Debnath Ripon Kumar, Rahman Md Abdur, Azam Sami, Zhang Yan, Jonkman Mirjam
Department of Computer Science and Engineering, United International University, Dhaka, 1212, Bangladesh.
Faculty of Science and Technology, Charles Darwin University, Northern Territory, 0909, Darwin, Australia.
J Cancer Res Clin Oncol. 2025 Jul 17;151(7):215. doi: 10.1007/s00432-025-06256-0.
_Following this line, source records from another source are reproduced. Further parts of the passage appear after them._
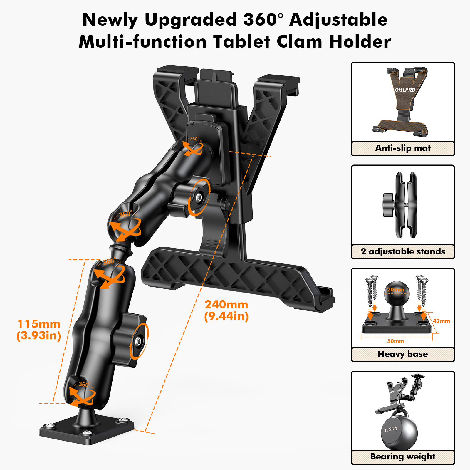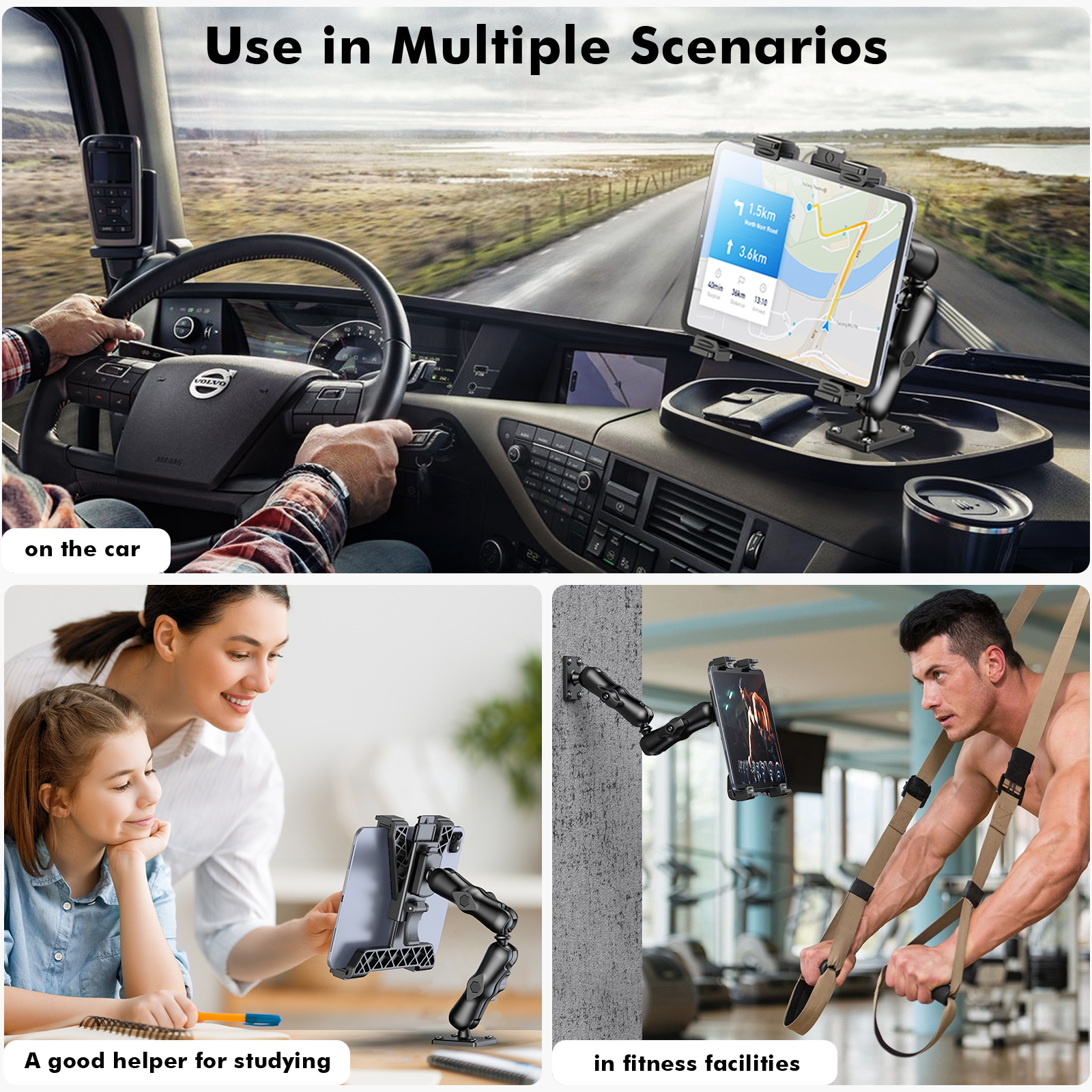 - 【Sturdy Tablet Holder】iPad mount car tablet holder with ball joints on both ends for 360° rotation. The 2-section extension arm can adjust the height and navigation angle, is not easy to break, and can withstand the harsh test of potholes, making it a perfect truck accessory.
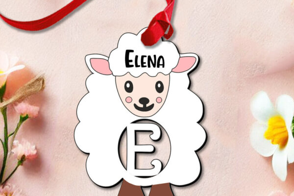 Intra απο ξύλο plywood 3mm-4mm πάχος – Πασχαλινό γράμμα E Αρνί Στολίδι Πρόβατο Δίασταση 6×6 cm INTRAFABR-112720375
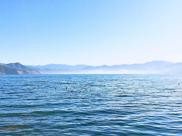 樱花大落水村前往三家村方向,沿湖路,远处被白色雾气包裹的就是王妃岛所在地,泸沽湖有名的网红照雾锁王妃就是这里拍的,没带专业相机,凑合看看吧!

Precise liver segmentation is critical for accurate diagnosis and effective treatment planning, serving as a foundation for medical image analysis. However, existing methods struggle with limited labeled data, poor generalizability, and insufficient integration of anatomical and clinical features. To address these limitations, we propose a novel Few-Shot Segmentation model with Unified Liver Representation (FSS-ULivR), which employs a ResNet-based encoder enhanced with Squeeze-and-Excitation modules to improve feature learning, an enhanced prototype module that utilizes a transformer block and channel attention for dynamic feature refinement, and a decoder with improved attention gates and residual refinement strategies to recover spatial details from encoder skip connections. Through extensive experiments, our FSS-ULivR model achieved an outstanding Dice coefficient of 98.94%, Intersection over Union (IoU) of 97.44% and a specificity of 93.78% on the Liver Tumor Segmentation Challenge dataset. Cross-dataset evaluations further demonstrated its generalizability, with Dice scores of 95.43%, 92.98%, 90.72%, and 94.05% on 3DIRCADB01, Colorectal Liver Metastases, Computed Tomography Organs (CT-ORG), and Medical Segmentation Decathlon Task 3: Liver datasets, respectively. In multi-organ segmentation on CT-ORG, it delivered Dice scores ranging from 85.93% to 94.26% across bladder, bones, kidneys, and lungs. For brain tumor segmentation on BraTS 2019 and 2020 datasets, average Dice scores were 90.64% and 89.36% across whole tumor, tumor core, and enhancing tumor regions. These results emphasize the clinical importance of our model by demonstrating its ability to deliver precise and reliable segmentation through artificial intelligence techniques and engineering solutions, even in scenarios with scarce annotated data.
精确的肝脏分割对于准确诊断和有效的治疗规划至关重要,是医学图像分析的基础。然而,现有方法存在标记数据有限、泛化性差以及解剖和临床特征整合不足等问题。为了解决这些局限性,我们提出了一种具有统一肝脏表示的新型少样本分割模型(FSS-ULivR),该模型采用基于ResNet的编码器,并通过挤压激励模块进行增强以改善特征学习;一个增强的原型模块,利用Transformer块和通道注意力进行动态特征细化;以及一个解码器,采用改进的注意力门控和残差细化策略,从编码器跳跃连接中恢复空间细节。通过大量实验,我们的FSS-ULivR模型在肝脏肿瘤分割挑战数据集上取得了出色的Dice系数98.94%、交并比(IoU)97.44%和特异性93.78%。跨数据集评估进一步证明了其泛化性,在3DIRCADB01、结直肠癌肝转移、计算机断层扫描器官(CT-ORG)和医学分割十项全能任务3:肝脏数据集上的Dice分数分别为95.43%、92.98%、90.72%和94.05%。在CT-ORG上的多器官分割中,它在膀胱、骨骼、肾脏和肺部的Dice分数范围为85.93%至94.26%。对于BraTS 2019和2020数据集上的脑肿瘤分割,在整个肿瘤、肿瘤核心和增强肿瘤区域的平均Dice分数分别为90.64%和89.36%。这些结果通过展示其即使在注释数据稀缺的情况下也能通过人工智能技术和工程解决方案实现精确可靠分割的能力,强调了我们模型的临床重要性。